Selon la gauche, les médias traditionnels sont au service des dominants: le grand capital, le régime fédéral et l'État. Ils contrôlent les consciences et empêchent toute remise en question de l'ordre établi. Qui ne se souvient pas de Pierre Falardeau qui renommait Radio-Canada, «Radio-Cadenas» ? Les élections deviennent alors un «piège à cons», selon l'expression de Jean-Paul Sartre.

Le saut au Parti québécois de Pierre Duchesne, Bernard Drainville et Raymond Archambault ébranle cependant cette thèse. Les propos de Pierre Foglia, dans sa chronique du 9 juin dernier, sont aussi révélateurs. Homme de gauche et indépendantiste notoire, il explique que pas une fois en 45 ans de carrière il n'a été rappelé à l'ordre par ses patrons. «Et si ce n'était que de moi!» Sans trop de retenue, il ajoute une quinzaine de noms de ceux et celles qui font quotidiennement une bonne part du journal. Quant au Devoir, il faudrait être de mauvaise foi pour y trouver un instrument du pouvoir établi.

Enfin, si Pierre-Karl Péladeau ne roule pas à gauche, il ne cache pas son attachement à la cause souverainiste. Le Québec ne compte pas l'équivalent du National Post canadien ou de Fox News aux États-Unis. En somme, l'idée d'un complot médiatique défendant hermétiquement l'ordre établi tient difficilement la route.

Au milieu des années 70, le sociologue Maurice Pinard avait relevé et chiffré ce biais. Marcel Fournier, dans un texte de 1978 sur les «travailleurs du langage», n'hésitait pas à dire: «Quant aux intellectuels québécois, ils sont apparus, comme d'ailleurs les intellectuels de toute collectivité nationale minoritaire ou opprimée, rapidement nationalistes et ont participé activement à la constitution d'une identité nationale». Et il rappelle que c'est aussi le cas des enseignants des «niveaux élémentaire, secondaire, collégial et universitaire, les chercheurs, en particulier les spécialistes en sciences humaines et sociales».

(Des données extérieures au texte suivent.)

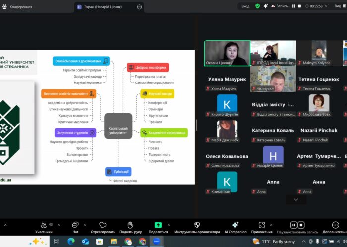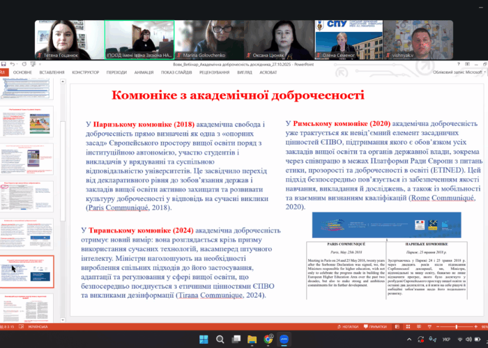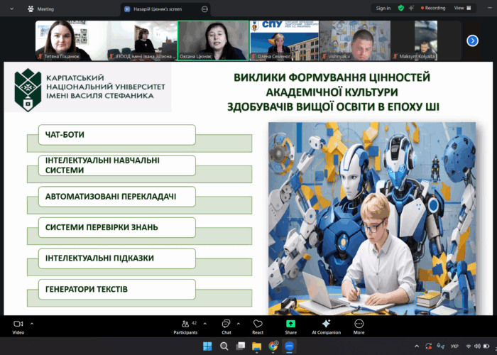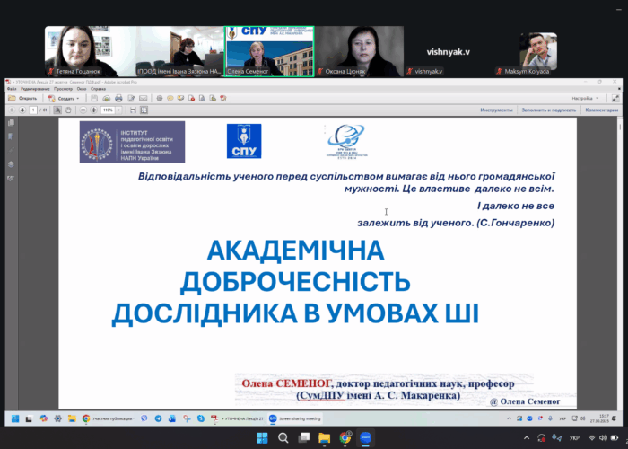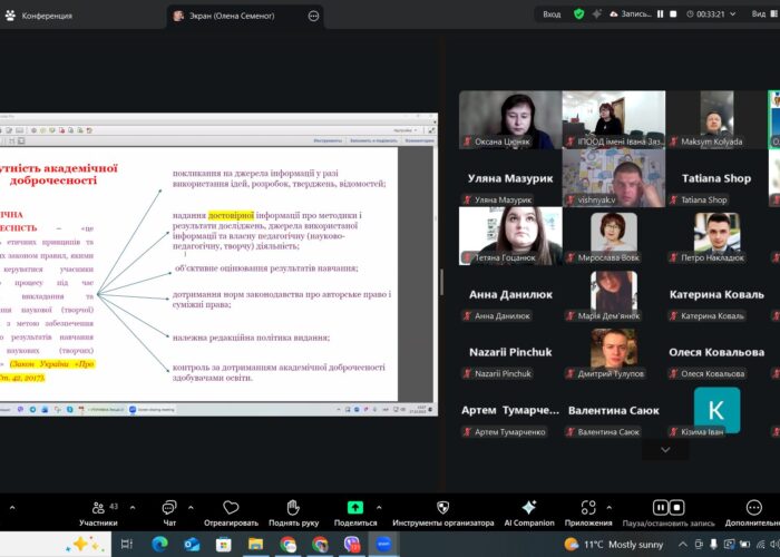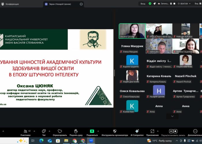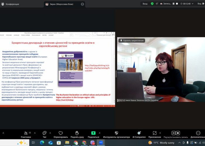 У межах реалізації Програми внутрішньої академічної мобільності в Інституті педагогічної освіти і освіти дорослих імені Івана Зязюна НАПН України професорка кафедри початкової освіти та освітніх інновацій, заступниця декана з наукової роботи педагогічного факультету Оксана ЦЮНЯК виступила на  освітньо-науковому заході «Академічна доброчесність дослідника: виклики в умовах штучного інтелекту». Захід був спрямований на представлення законодавчо-нормативних регулятивів, окреслення викликів та рекомендацій щодо використання ШІ на засадах етичних принципів.

Évidemment, aujourd'hui, comme dans le reste de la population, l'attachement partisan n'est plus de mise. L'esprit critique à l'endroit de l'ordre établi continue néanmoins de traverser l'intelligentsia. Lors de la crise étudiante, n'a-t-on pas vu plusieurs artistes, enseignants et groupes du milieu culturel adhérer fermement à la cause du carré rouge? Ils ne forment pas un bloc homogène, mais on peut difficilement les considérer comme des «intellectuels organiques» du grand capital.

Le Québec n'est pas seul. En France, une enquête de 2012 dévoile que 74% des journalistes sont de gauche. Aussi, à plus de 90%, ils estiment avoir les coudées franches pour faire leur boulot. L'éditorialiste de la revue Médias pose la question qui tue: «Quand des journalistes veulent bien concéder qu'ils balancent plutôt pour un côté, ils affirment simultanément que cela n'a pas de conséquence sur leur traitement de l'actualité. Qui peut croire à ce vertueux dédoublement?»

Ce biais à gauche n'hypothèque par le professionnalisme des journalistes. À la marge cependant, leurs opinions définissent un angle, colorent un reportage. Ce biais oriente le choix des mots et des titres. Et puisque la chose publique - partis, budgets, projets de loi, personnalités - est presque toujours médiatisée par une caméra, la plume d'un journaliste ou le choix d'un chef de pupitre, il faut déduire que les partis de centre ou de droite - et qui sont fédéralistes - ont généralement un défi communicationnel supplémentaire.

Qu'ils le reconnaissent ou non, les médias, et plus largement les intellectuels, sont des acteurs du système politique. Ils agissent bel et bien comme le quatrième pouvoir, celui de l'influence. Le résultat de leur travail ne tranche évidemment pas comme un décret, une loi ou un jugement, mais il contribue à transformer le réel. En ce début de campagne, on aurait tort de l'oublier.